◆ THE DATA

*****

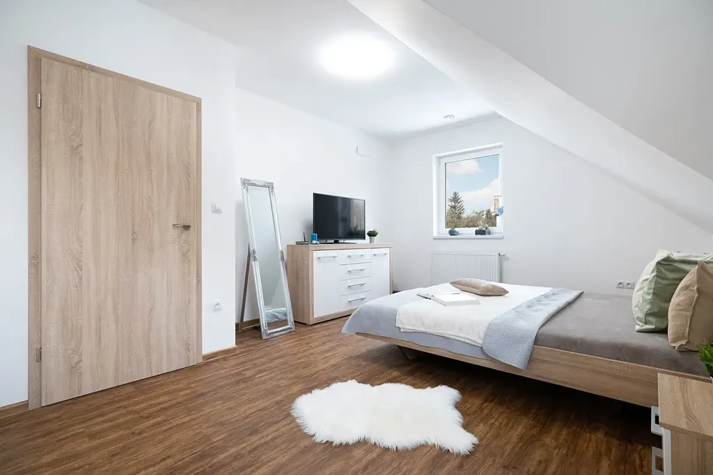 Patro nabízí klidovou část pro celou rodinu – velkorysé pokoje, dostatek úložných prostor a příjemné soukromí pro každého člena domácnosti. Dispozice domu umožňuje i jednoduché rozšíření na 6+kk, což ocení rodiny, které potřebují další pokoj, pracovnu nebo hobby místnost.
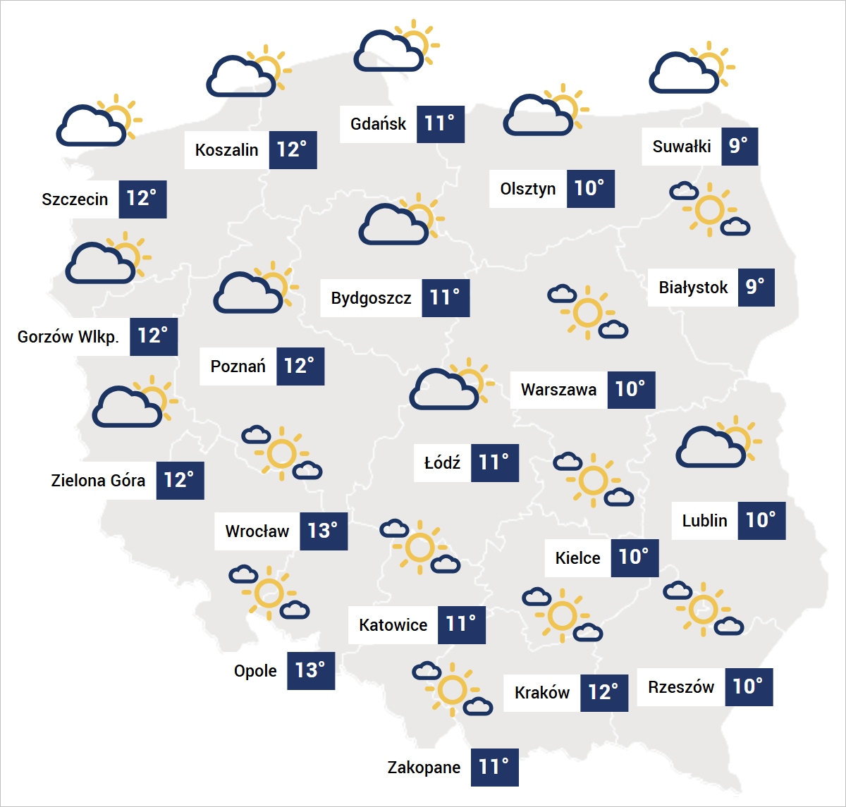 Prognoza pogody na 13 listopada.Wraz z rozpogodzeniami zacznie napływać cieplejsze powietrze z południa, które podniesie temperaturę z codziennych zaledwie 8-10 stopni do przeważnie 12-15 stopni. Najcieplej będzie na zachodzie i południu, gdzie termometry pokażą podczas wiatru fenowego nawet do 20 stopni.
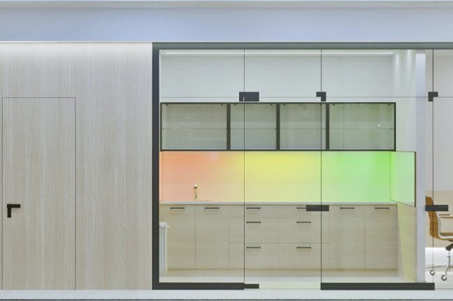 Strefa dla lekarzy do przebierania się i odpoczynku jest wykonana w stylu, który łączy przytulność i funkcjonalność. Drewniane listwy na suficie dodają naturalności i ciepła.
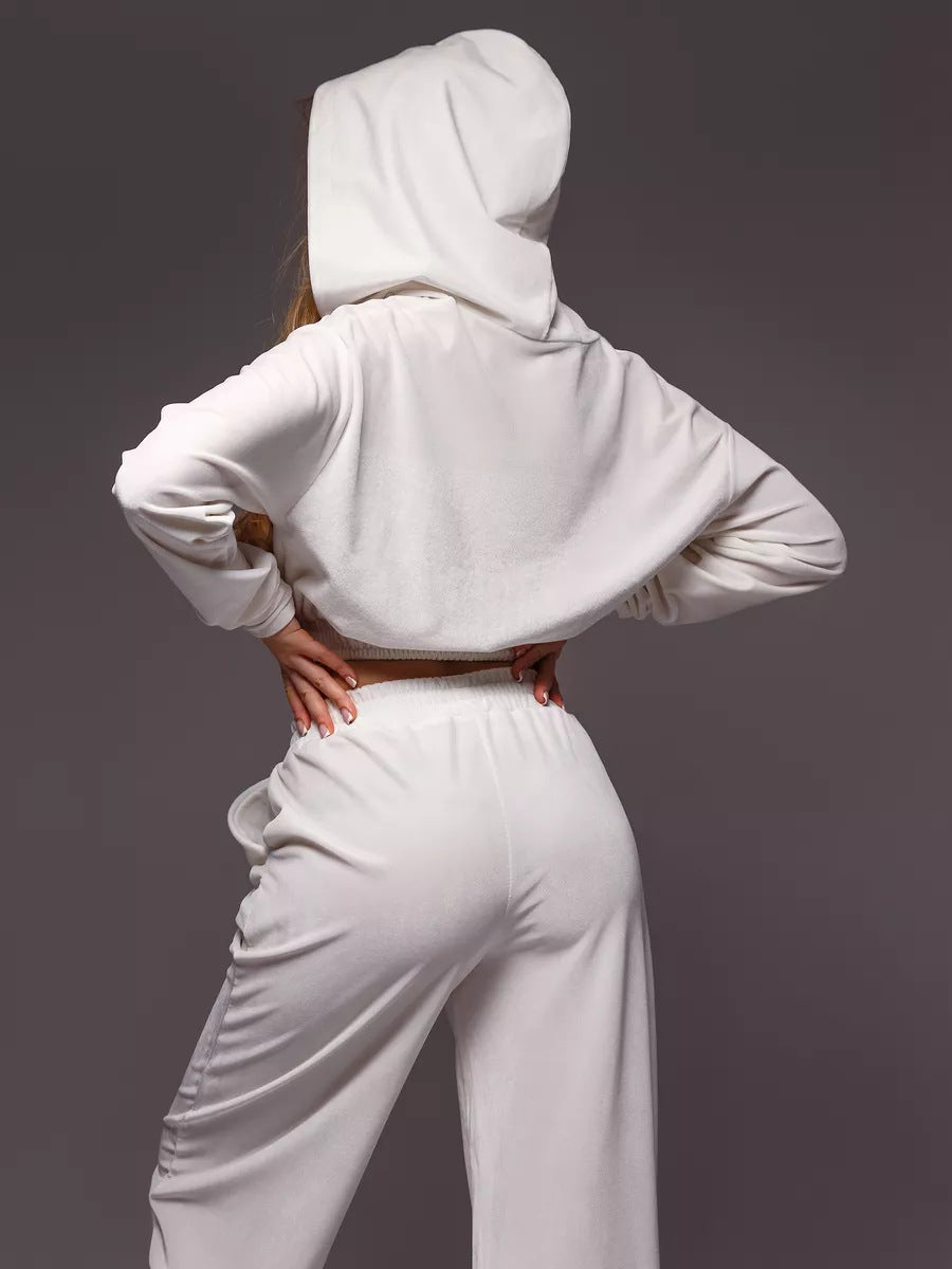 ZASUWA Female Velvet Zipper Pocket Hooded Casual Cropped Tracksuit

*****

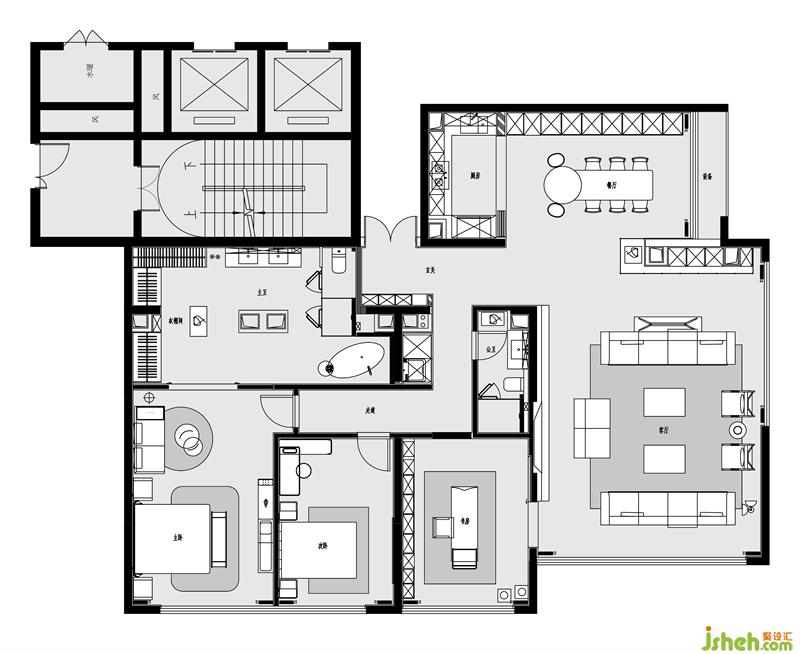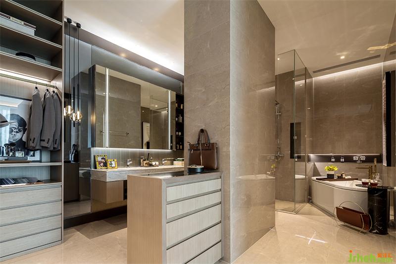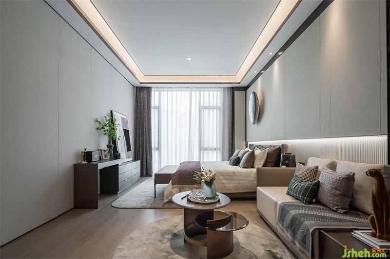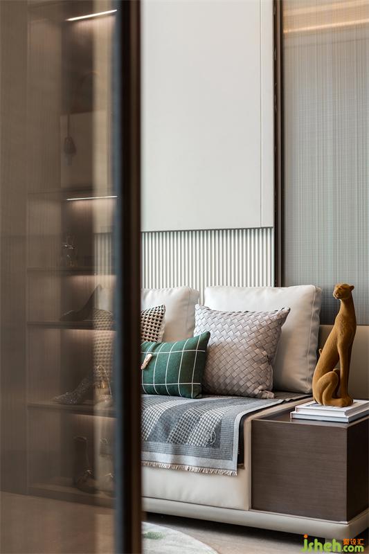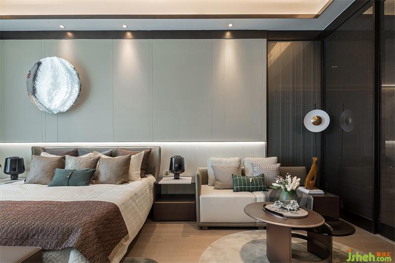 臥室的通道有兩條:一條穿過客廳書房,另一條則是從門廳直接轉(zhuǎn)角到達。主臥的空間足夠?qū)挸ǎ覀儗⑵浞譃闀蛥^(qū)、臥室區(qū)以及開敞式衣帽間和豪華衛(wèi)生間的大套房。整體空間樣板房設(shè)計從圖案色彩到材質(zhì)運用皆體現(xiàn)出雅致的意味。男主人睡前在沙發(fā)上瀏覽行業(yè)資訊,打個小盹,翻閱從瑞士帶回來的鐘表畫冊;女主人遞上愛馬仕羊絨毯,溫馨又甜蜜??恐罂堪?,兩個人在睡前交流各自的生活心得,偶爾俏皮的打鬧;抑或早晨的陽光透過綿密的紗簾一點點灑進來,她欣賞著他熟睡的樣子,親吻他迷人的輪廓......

*****

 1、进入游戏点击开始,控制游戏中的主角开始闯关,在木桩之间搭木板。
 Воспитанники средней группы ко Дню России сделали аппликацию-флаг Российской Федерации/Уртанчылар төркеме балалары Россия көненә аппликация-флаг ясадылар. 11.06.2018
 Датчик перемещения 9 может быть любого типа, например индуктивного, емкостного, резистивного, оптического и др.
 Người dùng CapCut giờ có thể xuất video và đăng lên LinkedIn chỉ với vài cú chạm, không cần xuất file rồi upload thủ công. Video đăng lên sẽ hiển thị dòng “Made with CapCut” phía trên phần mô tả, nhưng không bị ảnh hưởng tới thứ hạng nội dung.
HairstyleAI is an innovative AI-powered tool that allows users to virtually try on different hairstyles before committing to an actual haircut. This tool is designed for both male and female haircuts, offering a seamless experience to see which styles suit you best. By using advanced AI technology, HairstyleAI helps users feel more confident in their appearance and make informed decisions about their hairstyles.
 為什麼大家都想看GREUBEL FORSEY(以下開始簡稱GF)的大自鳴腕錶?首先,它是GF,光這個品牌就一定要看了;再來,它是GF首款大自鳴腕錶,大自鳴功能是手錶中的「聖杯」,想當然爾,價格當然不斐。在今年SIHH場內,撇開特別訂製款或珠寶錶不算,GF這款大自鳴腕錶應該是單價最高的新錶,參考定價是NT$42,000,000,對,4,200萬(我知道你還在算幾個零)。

*****

◆ PROBLEM REQUIREMENTS
Your output should be the lines above from the one that contains "Patro nabízí klidovou" through the one that contains "ZASUWA Female Velvet", word for word, with pictures left out.

◆ EXPECTED ANSWER
 Patro nabízí klidovou část pro celou rodinu – velkorysé pokoje, dostatek úložných prostor a příjemné soukromí pro každého člena domácnosti. Dispozice domu umožňuje i jednoduché rozšíření na 6+kk, což ocení rodiny, které potřebují další pokoj, pracovnu nebo hobby místnost.
 Prognoza pogody na 13 listopada.Wraz z rozpogodzeniami zacznie napływać cieplejsze powietrze z południa, które podniesie temperaturę z codziennych zaledwie 8-10 stopni do przeważnie 12-15 stopni. Najcieplej będzie na zachodzie i południu, gdzie termometry pokażą podczas wiatru fenowego nawet do 20 stopni.
 Strefa dla lekarzy do przebierania się i odpoczynku jest wykonana w stylu, który łączy przytulność i funkcjonalność. Drewniane listwy na suficie dodają naturalności i ciepła.
 ZASUWA Female Velvet Zipper Pocket Hooded Casual Cropped Tracksuit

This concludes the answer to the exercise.